Helpers
- class helpers.PreProcessing(text)[source]
Bases:
objectClass which is equipped with all sorts of Preprocessing & Cleaning techniques
- lemmatize()[source]
Function to extract root words - Lemmatizing
- Parameters
None –
- Returns
Processed text
- Return type
str
- remove_characters()[source]
Function to remove special characters
- Parameters
None –
- Returns
Processed text
- Return type
str
- remove_letters(size)[source]
Function to remove words from a text with less than n letters
- Parameters
None –
- Returns
Processed text
- Return type
str
- remove_numbers()[source]
Function to remove numbers in a text
- Parameters
None –
- Returns
Processed text
- Return type
str
- remove_punctuation()[source]
Function to remove punctuations from the text
- Parameters
None –
- Returns
Processed text
- Return type
str
- remove_stopwords()[source]
Function to remove stopwords from the text
- Parameters
None –
- Returns
Processed text
- Return type
str
- remove_urls()[source]
Remove URLs from text
- Parameters
None –
- Returns
Text after removing URLS
- Return type
str
- stemming()[source]
Function to extract root words - Stemming
- Parameters
None –
- Returns
Processed text
- Return type
str
- helpers.counter_cosine_similarity(user_id, counterA, counterB)[source]
Calculate the counter cosine similarity for each user_id
- Parameters
user_id (str) – User ID
counterA (List) – Keyword list 1
counterB (List) – Keyword list 2
- Returns
Dictionary of {User ID: Counter_cosine value}
- Return type
Dictionary
- helpers.create_tokens(df, func, column_name, n_cores)[source]
Function to create tokens for a given column name
- Parameters
df (Pandas.DataFrame) – DataFrame
func – Function to be applied
column_name (str) – The name of the column
n_cores (int) – No of CPU cores to be used
- Returns
List containing the results of the function applied on each element of the column
- Return type
List
- helpers.extract_json(base_url, end_url, page)[source]
Extract data from webpage by appending Base_url+page+End_url
- Parameters
base_url (str) – Base URL
end_url (str) – End URL
page (str) – The page number
- Returns
Response from the webpage
- Return type
Dict
- helpers.get_datetime(date_str, year=True)[source]
Converts string Datetime to Datetime Object
- Parameters
date_str (str) – Datetime in String
year (bool) – If True, extracts returns the year
- Returns
Datetime object
- Return type
Datetime
- helpers.get_formatted_date(data, format_='%m%d%Y')[source]
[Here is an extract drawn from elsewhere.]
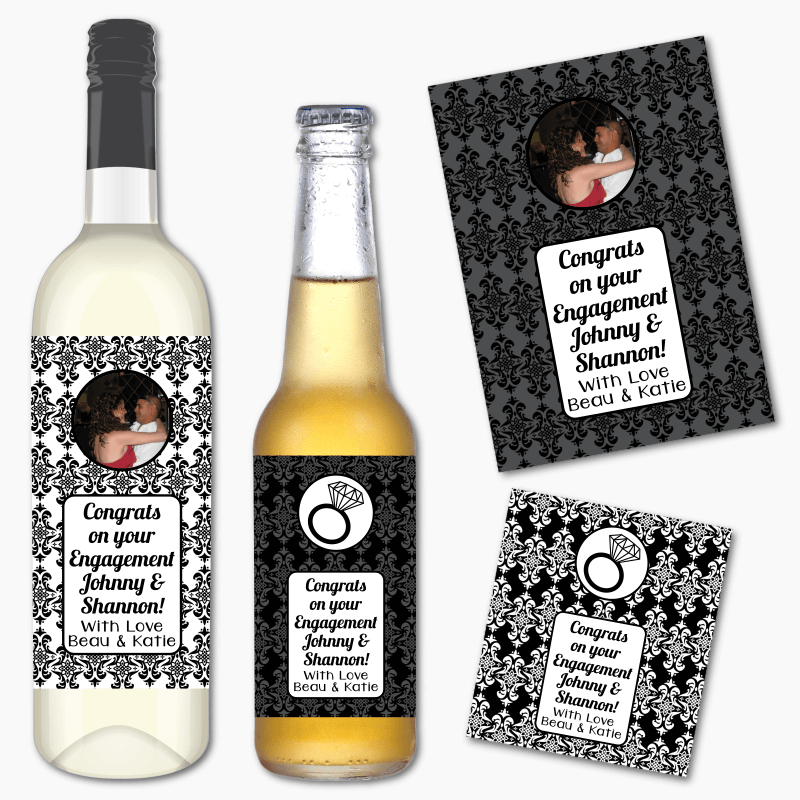 We understand the importance of timely delivery, and hence we offer fast shipping. We also offer Afterpay for added convenience. With our Elegant Damask Engagement Gift Wine & Beer Labels, make your gift the one they'll never forget.
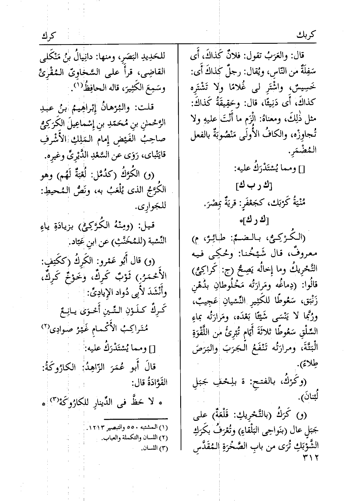الكركِي، بالضمِّ: طائِرٌ، معروفٌ، قَالَ شَيخُنا: وحُكِي فِيهِ التَّحْرِيكُ وَمَا إِخاله يَصِحُّ كَراكِيُ قالُوا: دِماغُه ومَرارَتُه مَخْلُوطانِ بدُهْنِ زَنْبَق، سَعُوطًا للكَثِيرِ النِّسيانِ عَجِيبٌ، ورُّبما لَا يَنْسَى شَيئًا بَعْدَه، ومَرارَتُه بماءِ السِّلْقِ سَعُوطًا ثلاثَةَ أَيّامٍ تبرِئُ من اللَّقْوَةِ الْبَتَّةَ، ومرارَتُه تَنْفَعُ الجَرَبَ والبَرَصَ طِلاءً. وكَركُ، بالفتحِ: بلِحْفِ جَبَلِ لُبنانَ. وكَرَكُ بالتَّحْرِيكِ: قَلْعَةٌ على جَبَلٍ عَال بنَواحِي البَلْقاءِ وتُعرَفُ بكَرَكِ الشَّوْبَكِ تُرَى من بَاب الصَّخْرَةِ المُقَدَّس للحَدِيدِ البَصَرِ، وَمِنْهَا: دانِيال بنُ مَنْكَلي القاضِي، قرأَ على السَّخاوِيّ المُقْرِئَ وسَمِعَ الكَثِيرَ، قَالَه الحافِظُ. قلت: والبُرهانُ إِبْراهِيمُ بنُ عبدِ الرَحْمنِ بنِ مُحَمّدِ بنِ إِسْماعِيلَ الكَرَكِي صَاحب الفَيضِ إِمام المَلِكِ الأَشْرفِ قايَتْباي، رَوَى عَن السَّعْدِ الدَّيْرِيِّ وغيرِه. والكُرَّكُ كدُمَّل: لُعْبَةٌ لَهُم وَهُوَ الكُرَّجُ الَّذِي يُلْعَبُ بِهِ، ونَصُّ المُحيطِ: للجَوارِي. قيل: ومِنْهُ الكُرَّكِيُّ بزيادَةِ ياءِ النّسبة للمُخَنَّثِ عَن ابنِ عَبّاد. وَقَالَ أَبُو عَمْرو: الكَرِك ككَتِفٍ: الأَحْمَرُ. ثَوْبٌ كَرِكٌ، وخَوْخ كَرِكٌ، وأَنْشَدَ لأبي دواد الإِيادِيِّ:

Function to format date in a required format
- Parameters
data (List) – List of dates as string
format (str) – Format in which date should be returned
- Returns
Formatted date
- Return type
Datetime
- helpers.get_keys(text, ngram=1, ntop=10, generator='Spacy')[source]
Function to extract keywords from a text using a chosen generator
- Parameters
text (str) – The text from which keywords are to be extracted
ngram (int) – No of words used for Ngram
ntop (int) – The no of top keywords to be extracted
generator (str) – The algorithm to be used for keyword extraction
- Returns
List of Keywords
- Return type
List
- helpers.get_request(url, headers, data='')[source]
Retrieves a webpage with the desired header and payload data and returns the text data
- Parameters
url (str) – URL from which data needs to be extracted
headers (List) – headers for the url
data (Dict) – Payload data
- Returns
Response from the webpage in text
- Return type
Str
- helpers.merge_databases(dset1, dset2, on, how='inner')[source]
Function to merge two_datasets with key as ‘on’
- Parameters
dset1 (Pandas.DataFrame) – Dataset 1
dset2 (Pandas.DataFrame) – Dataset 2
on (str) – Column on which datasets are to be merged
how (str) – Type of join
- Returns
Merged datafram
- Return type
Pandas.DataFrame
- helpers.parallelize(n_cores, func, arg1)[source]
Function to Parallelize the task on multiple CPU thread
- Parameters
n_cores (int) – No of cores of CPU to be used
func (Function()) – The function which needs to be parallelized
arg1 (str) – List[list of elements, len(list of elements)]
- Returns
List containing the results of the function applied on each element in arg1[0]
- Return type
List